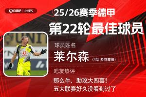 第22轮评选结果出炉,多特蒙德球员莱尔森单场助攻大四喜,赛后获评10分,助多特4-0大胜美因茨,当选【体育资讯X小红书德甲第22轮最佳球员】!
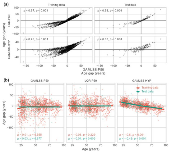 Similar to aging type rating, the alternative models could also be applied for defining reference curves, usually taken as the median (P50), when calculating EYOL and age gap. Figure A1 presents the resulting curves for linear quantile regression (LQR) in addition to GAMLSS showing that with both approaches, the P50 curve needed extrapolation beyond the limits of adult age for determining EYOL over the whole zero-to-one range of the immune age biomarker IMMAX. For NQR, the extrapolation was not feasible due to the class of spline functions utilized by this model [30]. In search of an algorithm keeping EYOL values in the adult age range, we defined a hypothetical reference curve based on the IMMAX centiles calculated by GAMLSS (GAMLSS-HYP). Here, we assumed a percentile profile progressively increasing with age starting with the 0.5% percentile at the age of 19 years rising to the 99.5% percentile at 99 years by 1.24% per year, with the minimum value (0) assigned to 18 years and the maximum (1) to 100 years of age (Figure A1). The resulting age gaps based on P50 from GAMLSS and LQR were almost perfectly correlated and exhibited a coinciding switch from negative to positive values (Figure 4a), while correlations for GAMLSS-HYP were lowered, accompanied by a blurred transition from negative to positive age gaps (Figure 4a). In addition, the progressively increasing profile of reference percentiles in GAMLSS-HYP reduced the range of the corresponding age gap values compared to GAMLSS-P50 and LQR-P50 but induced a negative correlation with age (Figure 4b). On the other hand, similar to the IMMAX centiles (Figure 1d), age gaps based on GAMLSS-P50 and LQR-P50 were uncorrelated with chronological age (Figure 4b). In any case, the outcomes for the test data matched and supported the results from the training data.
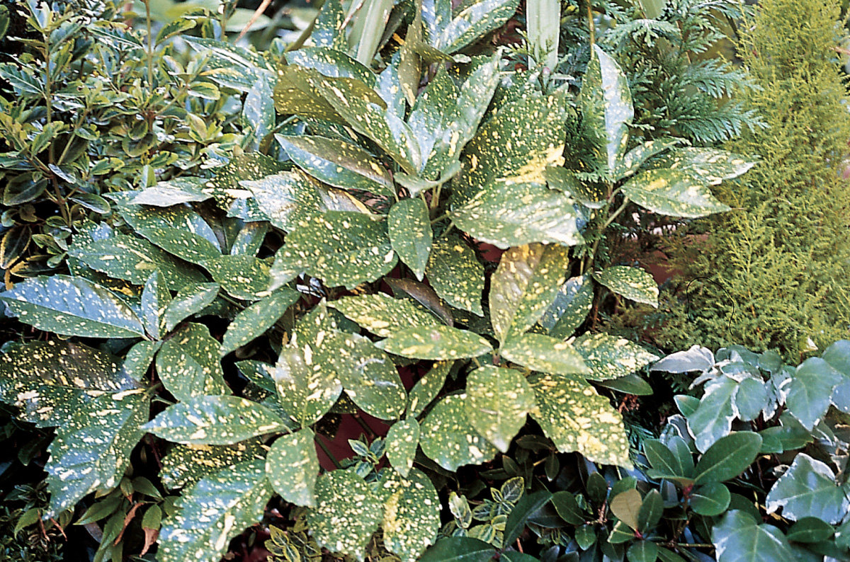 Las diferentes tonalidades verdes de aucuba, Chamaecyparis, Cupressus, hiedra abigarrada y ligustro
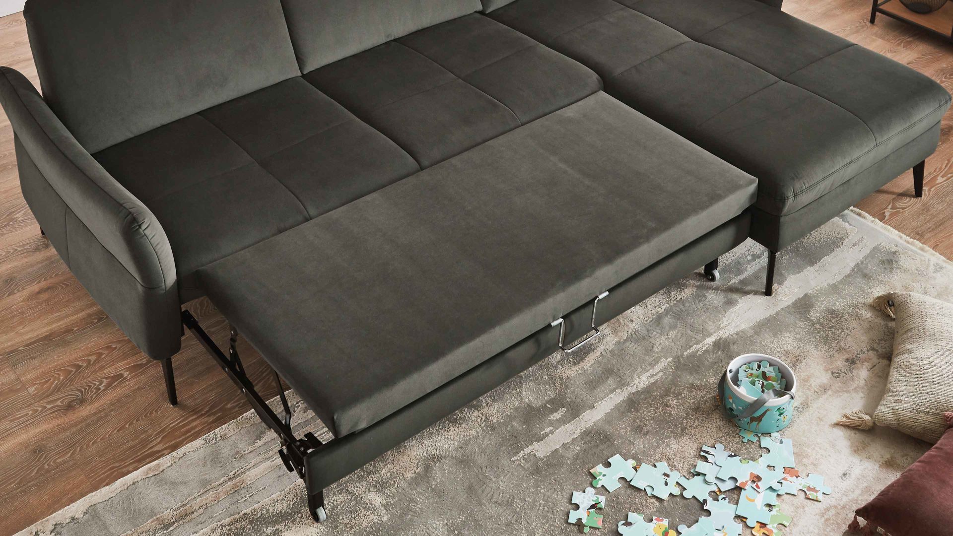 olivfarbener Mikrovelours Isa - Stellfläche ca. 276 x 178 cm
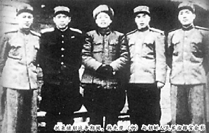 抗美援朝战争期间,韩先楚(中)与朝鲜人民军指挥官合影
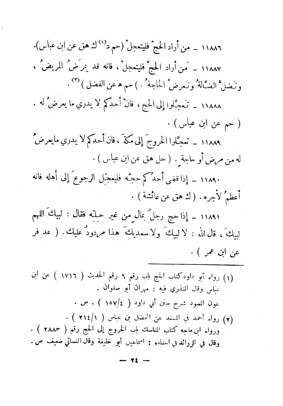 11887- من أراد الحج فليتعجل، فإنه قد يمرض المريض، وتضل الضالة وتعرض الحاجة. "حم هـ عن الفضل"2
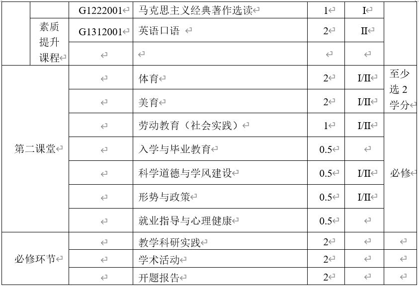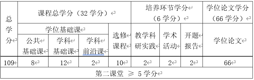 注:①选修课程中至少开设一门学科前沿课。②学生至少获得第二课堂5学分方可毕业。第二课堂活动学分认定见《437必赢会员中心研究生第二课堂学分管理办法》。其中,体育和美育类课程一共2学分,劳动教育(社会实践)1学分,科学道德与学风建设0.5学分,形势与政策0.5学分,入学教育0.5学分,就业指导与心理健康0.5学分。
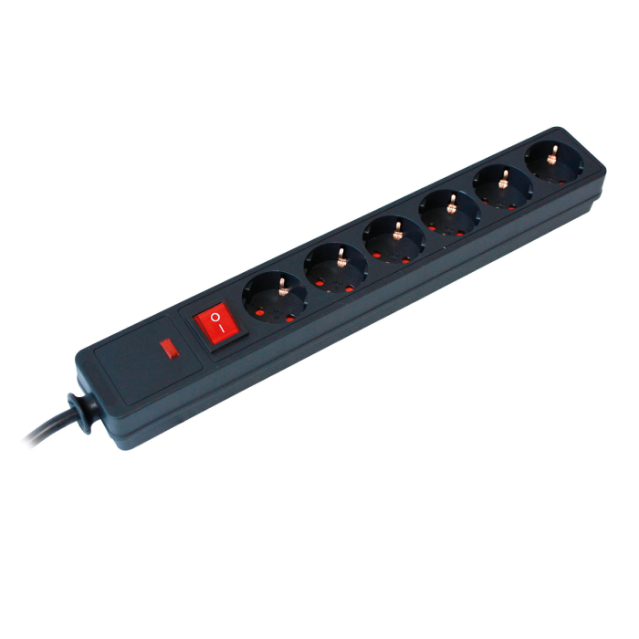 COMMEL kabal produžni sa prenaponskom zaštitom je produžni kabal sa prenaponskom zaštitom i šesterostrukom utičnicom dužine 1,5 metar.kabal je gumirani presjeka 3x1,5mm max.snage 3500W 16A.
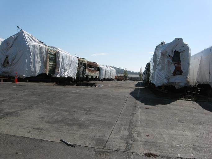 | Keywords: ABunchOfPCCsAtMarinDivisionOneBurnOneTiredOneImported.jpg en A bunch of retired PCCs at Marin Division The three covered ones are 1158 1168 and 151 The charred PCC is 1009 Own 2007-10-28 Goodshoped35110s F Market Wharves PCC type tramcars San Francisco Municipal Railway Historic Fleet |
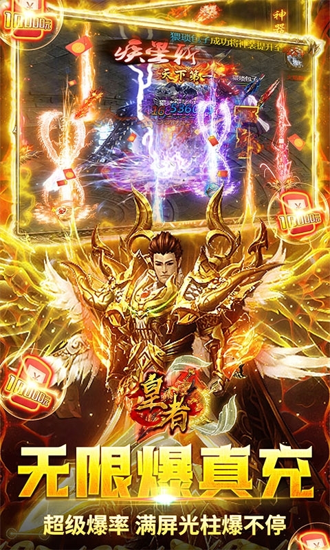 深受百万传奇玩家喜爱的人气手游皇者(终身返真充)携第四职业---“魔神”荣耀归来! 上线免费领取vip15,百万元宝,绝版武圣战神时装套!全新地图、全新福利、全新第四职业专属切割技能,刀刀切割无视防御!全新GM特权,应有尽有!无限每日送真充,绝版时装、元宝、极品装备材料全部免费无限送!福利全新升级,千倍投资,永久年卡超值豪礼领不听!快唤回曾经的兄弟们一起战斗吧!荣耀归来,再创传奇!
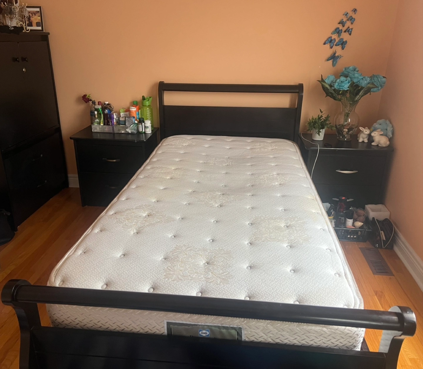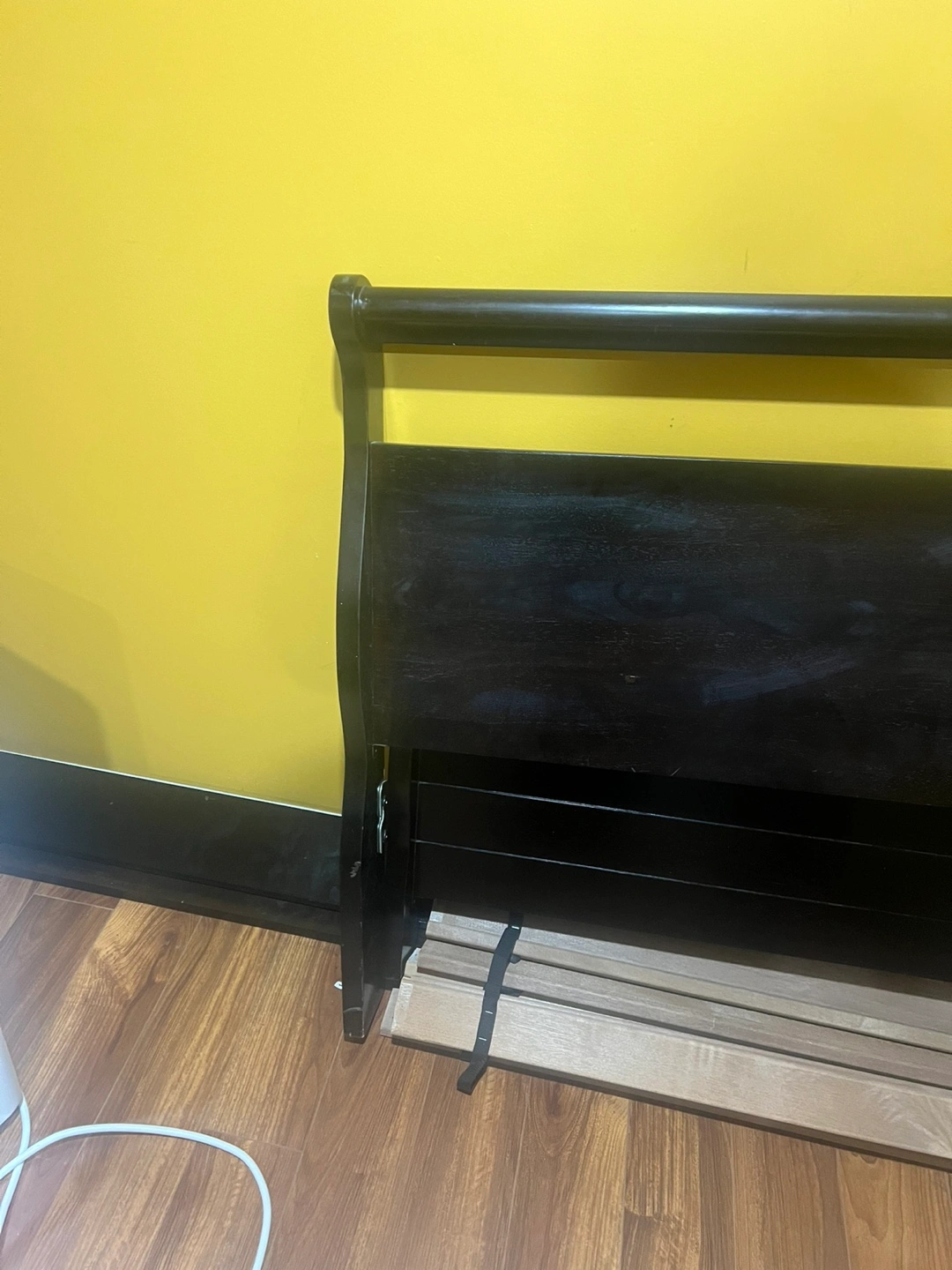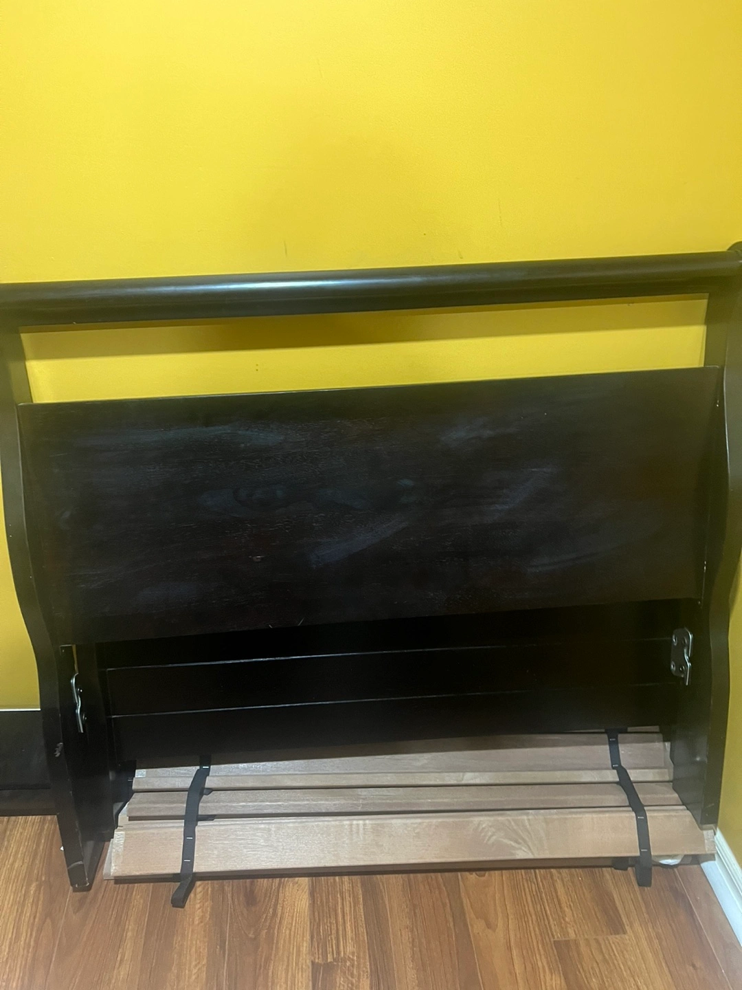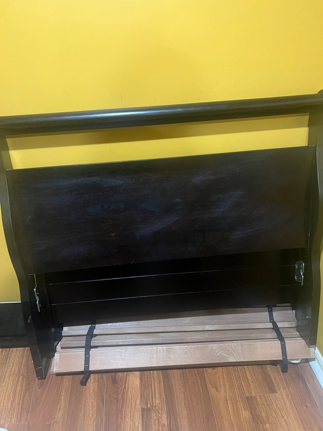 Selling a dark wood bed frame! It's in good condition and would look great in any bedroom. The frame is sturdy and ready for a new home. The bed is dissembled but is exactly same as the picture with mattress. I am only selling the bed, no mattress. Please message if you're interested!
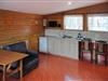 Erleben Sie den freundlich gestalteten Innenbereich mit viel Holz, der Wärme und Ruhe vermittelt. Machen Sie es sich im gemütlichen Wohnbereich mit Sofa bequem oder nutzen Sie den Essplatz für gemeinsame Mahlzeiten. Bereiten Sie einfache Mahlzeiten in der offenen Küchenzeile zu. Entspannen Sie zusätzlich in der gemeinschaftlich genutzten Sauna, die nach aktiven Tagen für wohlige Wärme sorgt.
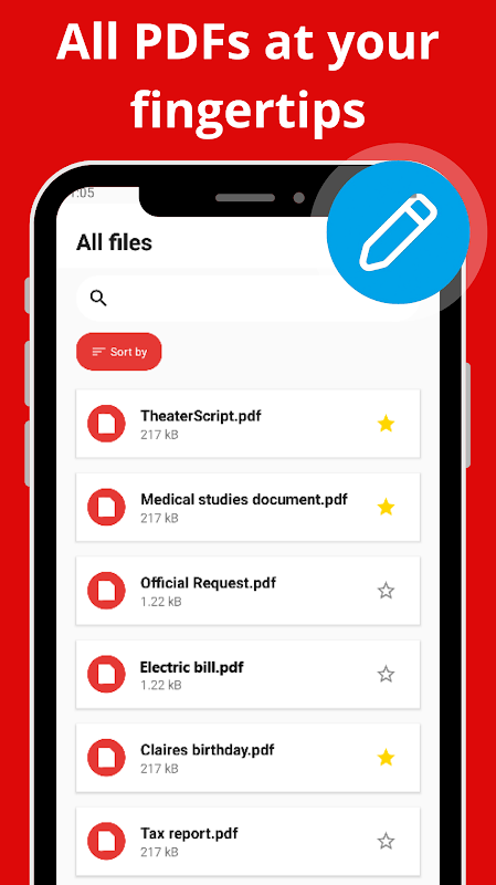 پیدیاف خوان بهطور خودکار دستگاه شما را اسکن کرده و همه اسناد PDF شما را در یک فهرست تمیز و مرتب نمایش میدهد. با جستجوی نام یا کلمات کلیدی محتوا، فایلها را تنها با یک ضربه باز کنید. این اپلیکیشن تمام فایلهای PDF را بهطور خودکار شناسایی میکند و دسترسی سریع به کتابها، فاکتورها، رسیدها، قراردادها، یادداشتهای درسی و موارد دیگر را فراهم میسازد.
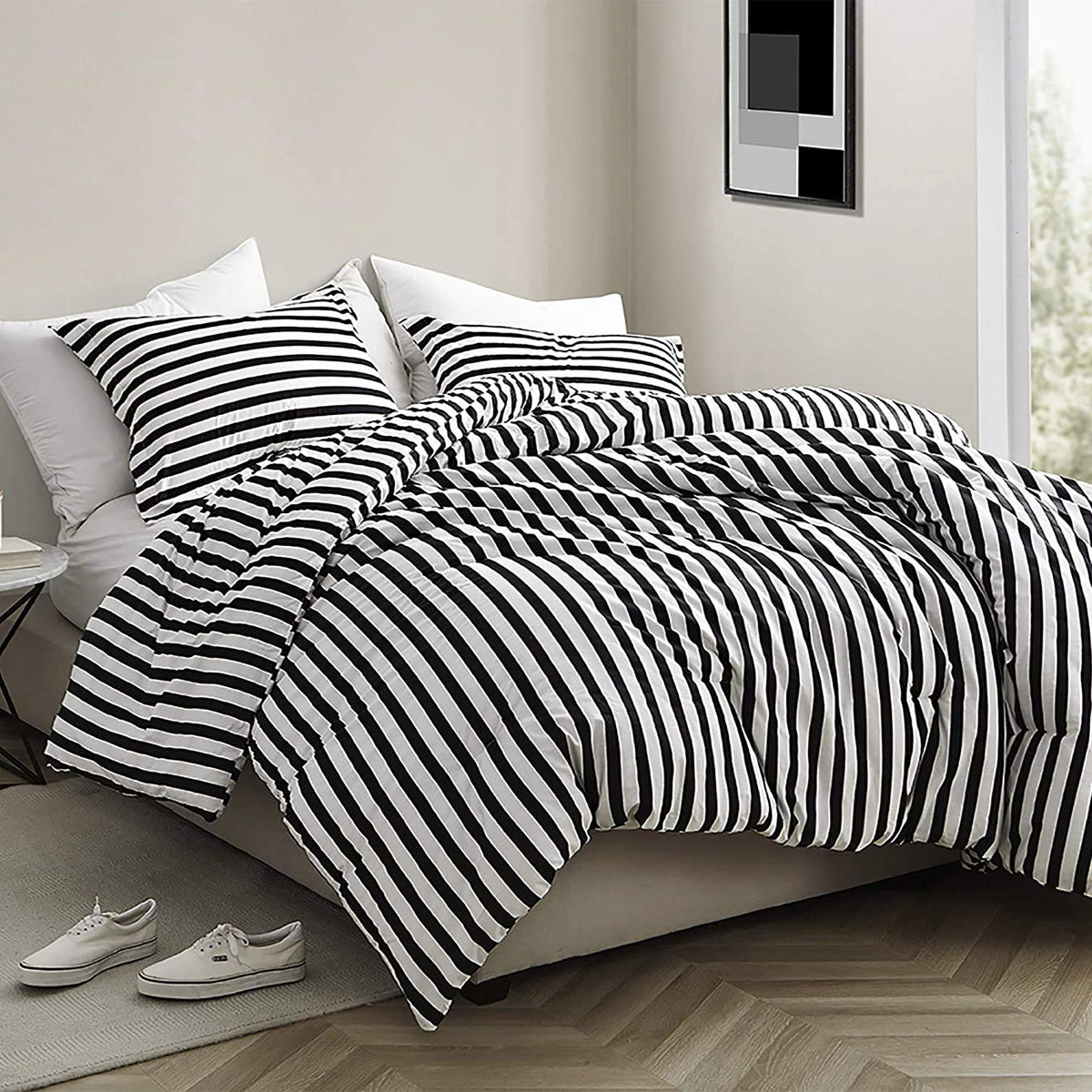 Welcome To Clothknow, There Are High Quality Comforter Here And We Look Forward To Providing An Unique Shopping Experience For You. Our Vision: To Create A Soft, Elegant And Cozy Sleep Environment For Our Customers.About Size:Black And White Striped Full Comforter Sets : 1 X Comforter ( 80''X 90'' ) + 2 X Pillowcases ( 20'' X 26'');Package Includes:1 X Comforter2 X Pillow Casescare Instruction:1. Wash Separately, Avoid Soaking For More Than 30 Minutes2. Machine Wash In Cold Water;3. Tumble Dry On Low Or Dry Naturally;4. Do Not Dry-Clean;5. Do Not Bleach;Guarantee: Any Query Or Issues, Pls Feel Free To Email Us At Clothknow@Aliyun.Com. We Will Try Our Best To Protect Customer'S Benefits. Please Order Our Goods With Confidence. Thank You So Much??
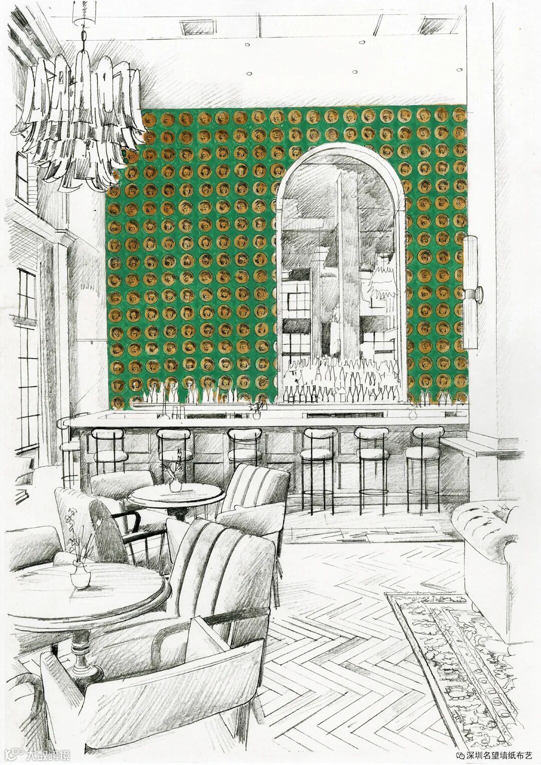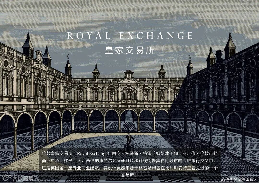 非常的大气和华丽,这款墙纸显示了戏剧性和标志性场景。设计1965年由罗伯特·尼科尔森(RobertNicholson)创作,最初是水平悬挂款,1644年著名的伦敦皇家交易所温塞斯劳斯-荷兰雕刻版启发了这一设计。加上闪闪发光的金色配色代表着交易广场的财富。

__Exercise objective__:
Of the lines above, copy only those from the one holding "olivfarbener Mikrovelours Isa" to the one holding "注:①选修课程中至少开设一门", both included, and exclude every image.

__Your response__:
 olivfarbener Mikrovelours Isa - Stellfläche ca. 276 x 178 cm
 抗美援朝战争期间,韩先楚(中)与朝鲜人民军指挥官合影
 11887- من أراد الحج فليتعجل، فإنه قد يمرض المريض، وتضل الضالة وتعرض الحاجة. "حم هـ عن الفضل"2
 注:①选修课程中至少开设一门学科前沿课。②学生至少获得第二课堂5学分方可毕业。第二课堂活动学分认定见《437必赢会员中心研究生第二课堂学分管理办法》。其中,体育和美育类课程一共2学分,劳动教育(社会实践)1学分,科学道德与学风建设0.5学分,形势与政策0.5学分,入学教育0.5学分,就业指导与心理健康0.5学分。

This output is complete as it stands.